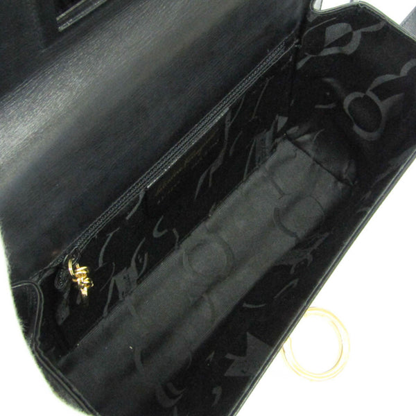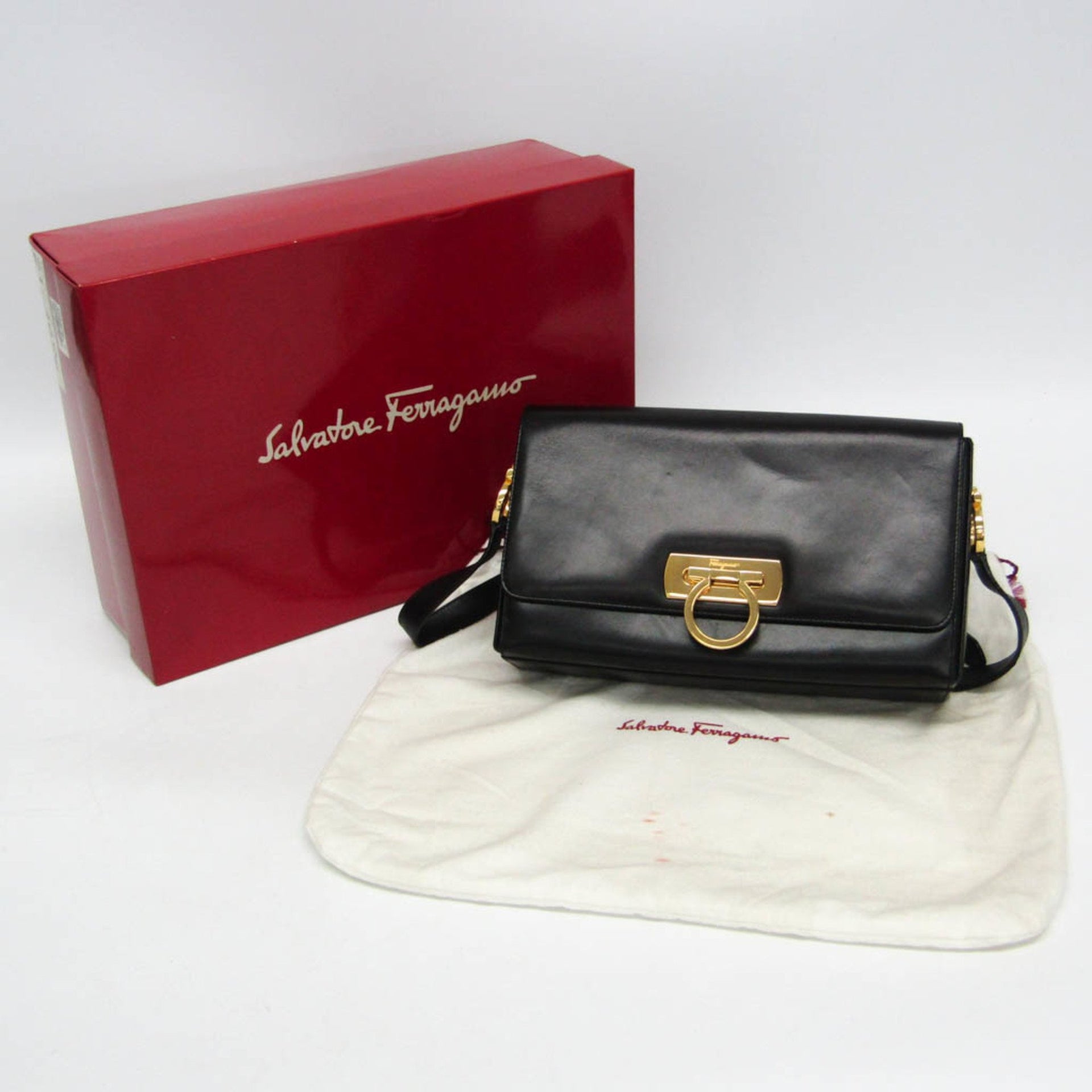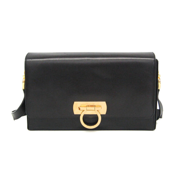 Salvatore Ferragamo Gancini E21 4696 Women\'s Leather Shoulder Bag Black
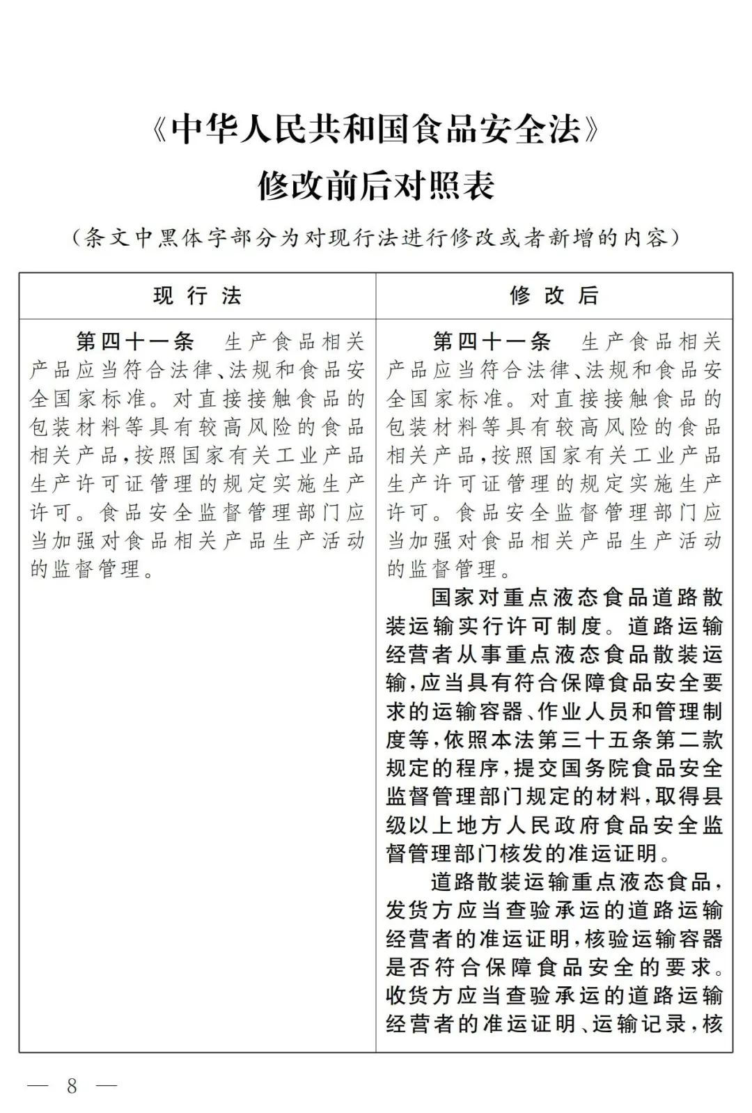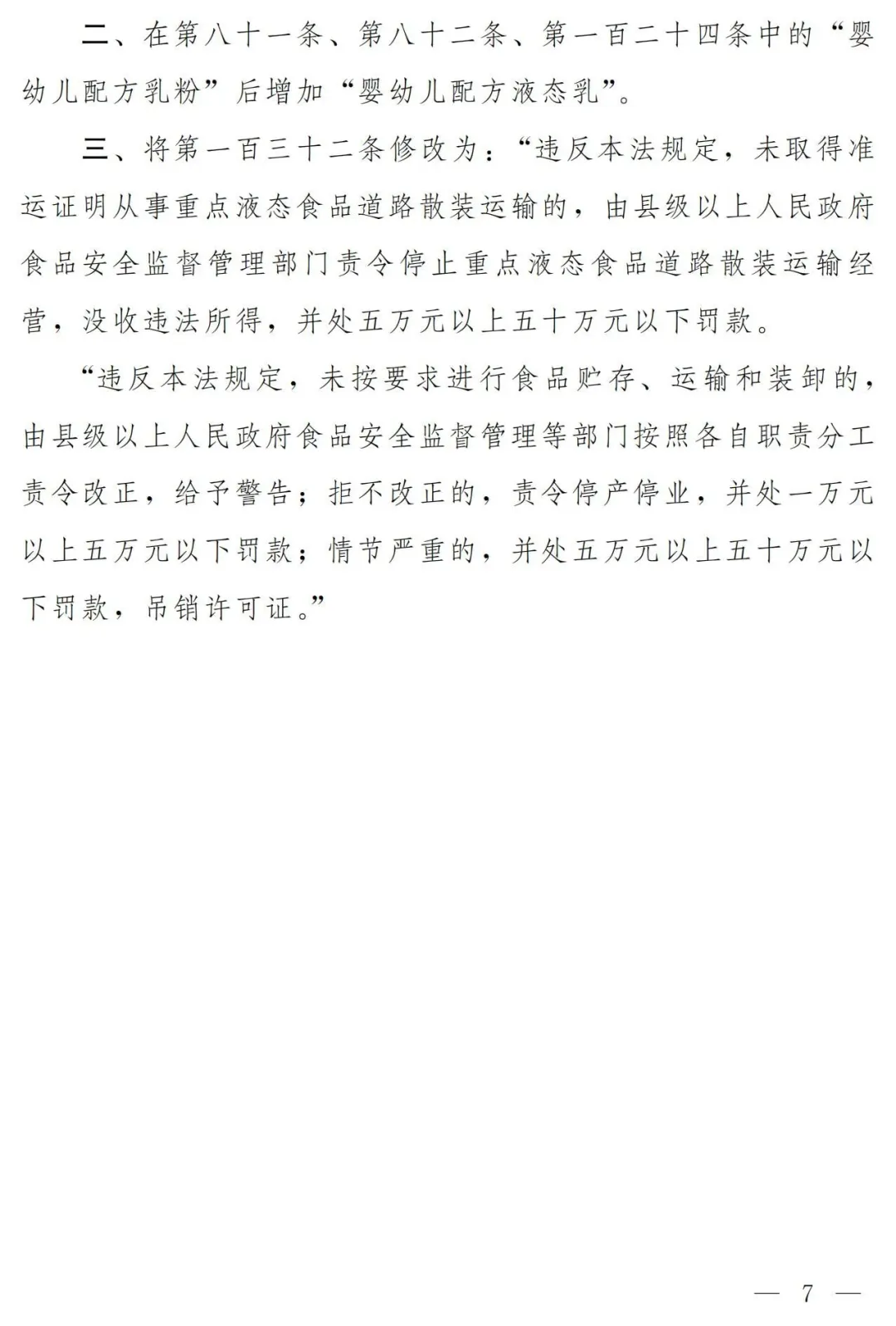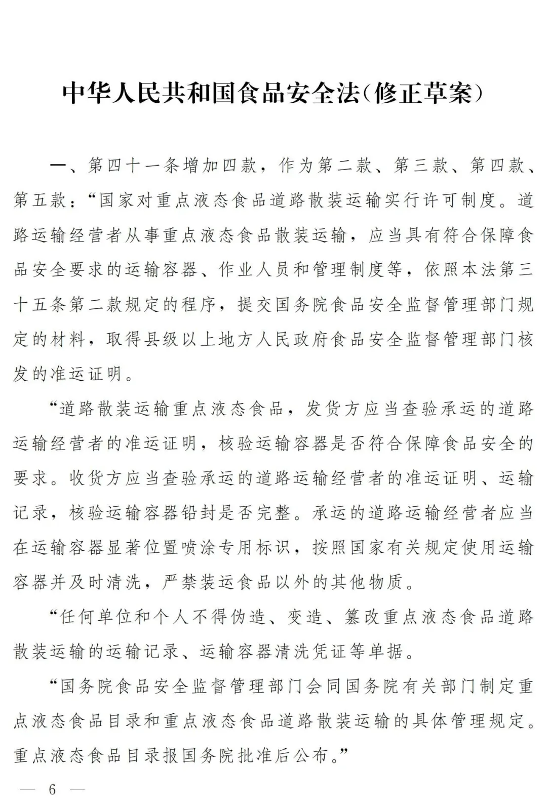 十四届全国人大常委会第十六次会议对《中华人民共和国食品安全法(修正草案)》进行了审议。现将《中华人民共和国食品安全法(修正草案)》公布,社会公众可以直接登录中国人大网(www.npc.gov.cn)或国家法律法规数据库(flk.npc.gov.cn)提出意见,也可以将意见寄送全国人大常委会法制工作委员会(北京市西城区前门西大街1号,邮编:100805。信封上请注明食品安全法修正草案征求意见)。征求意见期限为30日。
*****
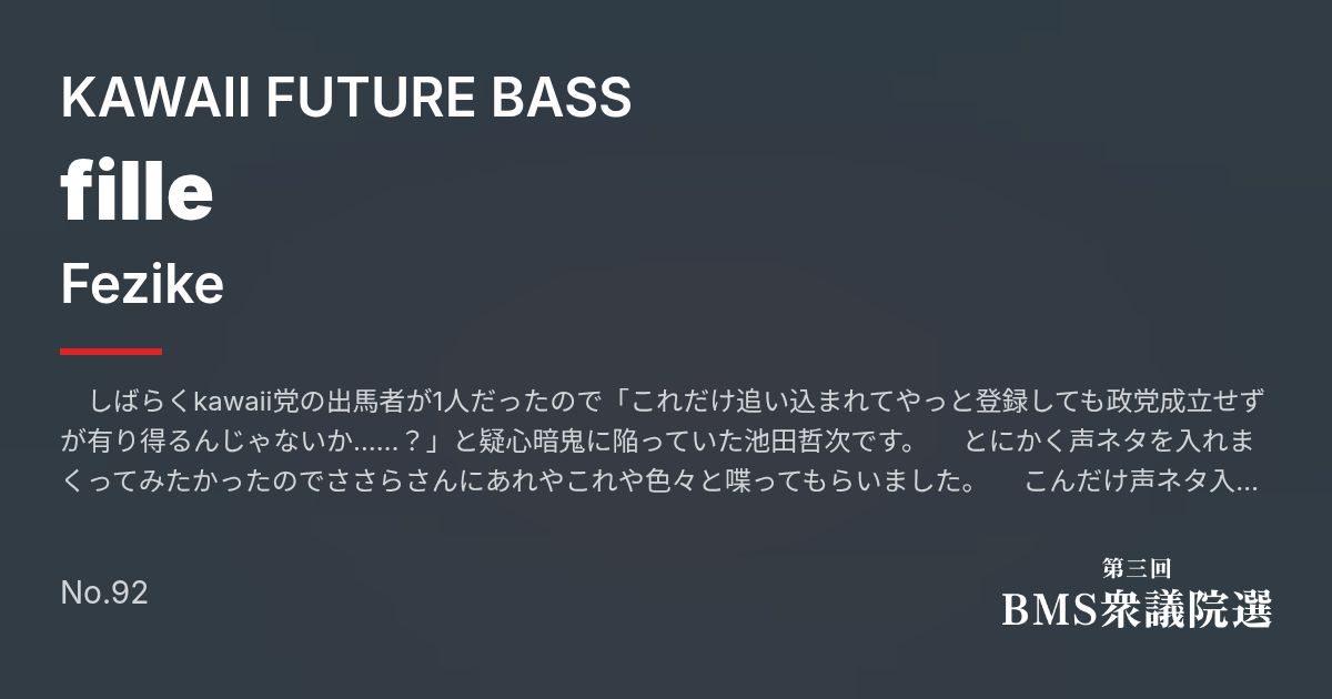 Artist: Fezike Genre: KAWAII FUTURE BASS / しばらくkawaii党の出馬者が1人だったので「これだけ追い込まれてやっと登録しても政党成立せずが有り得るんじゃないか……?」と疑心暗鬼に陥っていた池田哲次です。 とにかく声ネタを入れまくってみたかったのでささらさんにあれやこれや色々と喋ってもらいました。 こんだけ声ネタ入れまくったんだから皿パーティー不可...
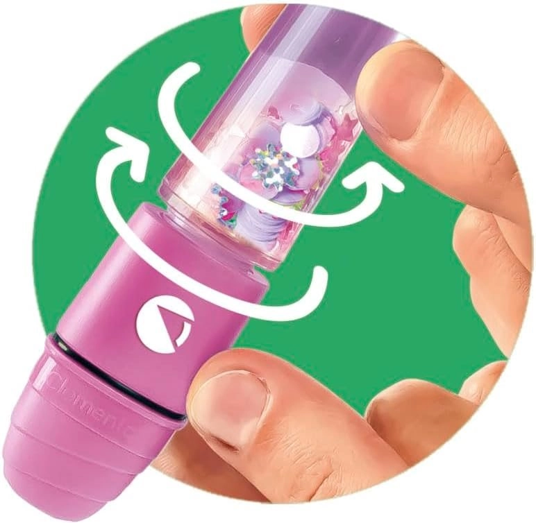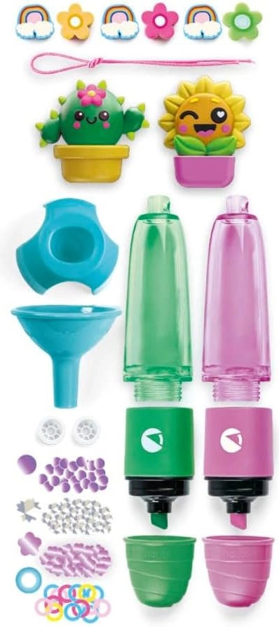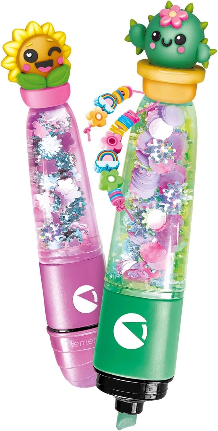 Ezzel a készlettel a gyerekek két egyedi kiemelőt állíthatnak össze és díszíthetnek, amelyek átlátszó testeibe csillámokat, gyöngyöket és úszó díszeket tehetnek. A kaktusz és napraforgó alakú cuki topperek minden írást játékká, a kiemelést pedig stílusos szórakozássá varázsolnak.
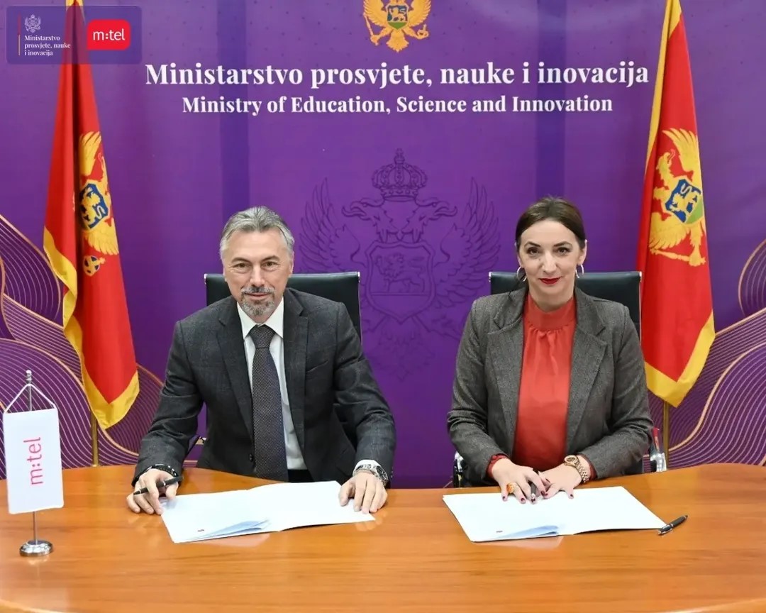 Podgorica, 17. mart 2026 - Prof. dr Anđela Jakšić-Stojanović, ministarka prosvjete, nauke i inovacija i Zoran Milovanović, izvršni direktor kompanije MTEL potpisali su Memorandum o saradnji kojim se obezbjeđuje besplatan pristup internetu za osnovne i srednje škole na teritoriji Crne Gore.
*****
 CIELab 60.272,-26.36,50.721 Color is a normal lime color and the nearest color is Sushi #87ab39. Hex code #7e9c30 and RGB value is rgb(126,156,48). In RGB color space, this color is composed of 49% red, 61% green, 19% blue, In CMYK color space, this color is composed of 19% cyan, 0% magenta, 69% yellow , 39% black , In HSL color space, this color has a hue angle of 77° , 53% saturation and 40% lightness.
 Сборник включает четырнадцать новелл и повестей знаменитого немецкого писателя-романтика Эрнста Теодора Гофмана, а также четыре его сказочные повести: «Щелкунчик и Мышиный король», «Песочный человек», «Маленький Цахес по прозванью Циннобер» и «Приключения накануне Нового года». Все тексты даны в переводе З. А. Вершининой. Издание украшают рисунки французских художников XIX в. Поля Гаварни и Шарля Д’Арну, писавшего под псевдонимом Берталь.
*****
→ **Requirement**
Skipping the pictures, print the lines in the listing above exactly as written, starting at the line with "Ezzel a készlettel" and ending at the line with "Podgorica, 17. mart", both included.

→ **Solved exercise**
 Ezzel a készlettel a gyerekek két egyedi kiemelőt állíthatnak össze és díszíthetnek, amelyek átlátszó testeibe csillámokat, gyöngyöket és úszó díszeket tehetnek. A kaktusz és napraforgó alakú cuki topperek minden írást játékká, a kiemelést pedig stílusos szórakozássá varázsolnak.
 Podgorica, 17. mart 2026 - Prof. dr Anđela Jakšić-Stojanović, ministarka prosvjete, nauke i inovacija i Zoran Milovanović, izvršni direktor kompanije MTEL potpisali su Memorandum o saradnji kojim se obezbjeđuje besplatan pristup internetu za osnovne i srednje škole na teritoriji Crne Gore.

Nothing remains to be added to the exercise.